AI Data Center Demands System Co-Design
Wiwynn’s presentation at Computex 2026 reflects a deeper industry shift. For years, infrastructure progress was explained mostly by incremental improvements: faster processors, more memory, better networking, or denser storage. AI demands a different approach. When a rack can consume tens or hundreds of kilowatts, everything becomes interconnected.
Thermal design impacts sustained performance. Power distribution influences density. Interconnection limits scalability. Storage determines whether models and agents can access data quickly enough. Liquid cooling moves from exotic option to core design element. ODM manufacturers like Wiwynn gain importance because they turn reference designs into deployable large-scale systems.
William Lin, President and CEO of Wiwynn, sums it up: “AI is no longer just a computing challenge, but a complete system engineering challenge.” This idea helps explain why Computex has become an increasingly important showcase for AI infrastructure. Many innovations are not just about new models or benchmark results—much of the real innovation is in how the hardware is packaged, powered, connected, and cooled.
For data center operators and cloud providers, these technologies have direct implications: legacy facilities may not be ready for modern AI density. Upgrading power, cooling, power distribution, and internal networking can be as costly as acquiring new servers. That’s why new rack-scale designs are about not only performance but also physical feasibility.
Wiwynn’s approach isn’t just a single product but a roadmap showing where AI data centers are headed: full racks, liquid cooling, HVDC power, integrated optics, and AI-specific storage.

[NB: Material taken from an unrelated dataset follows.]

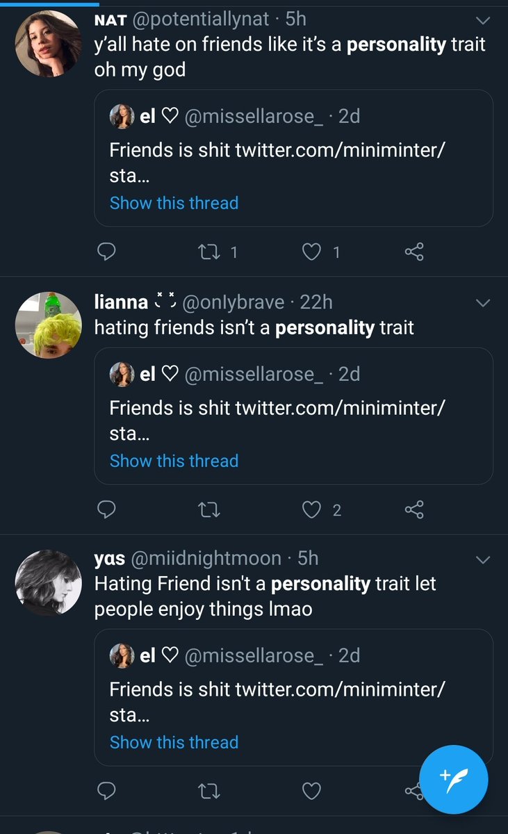 Read the replies and bear witness to the caliber of person who defends Friendshttps://twitter.com/moonliqhtstar/status/1230988820050534403 …

The resulting infrastructure is more complex, but also more aligned with the demands of upcoming models, agents, and applications.
Frequently Asked Questions
What did Wiwynn present at Computex 2026?
Wiwynn showcased rack-scale solutions for AI data centers, including NVIDIA Vera Rubin NVL72 platforms, AMD Helios, advanced liquid cooling, CPO optical interconnects, high-performance storage, and HVDC electrical distribution.
Why is liquid cooling important for AI?
Because AI accelerators and ASICs achieve very high power consumption. Liquid cooling effectively cools heat sources and supports higher density racks.
What is HVDC in data centers?
HVDC stands for high-voltage direct current power distribution. In this case, Wiwynn demonstrates an 800 VDC solution for high-density AI racks.
What role does optical interconnection play in AI?
Optical interconnection helps transfer large data volumes with higher bandwidth and lower power compared to copper, especially at high densities. It’s crucial for scaling high-density AI clusters.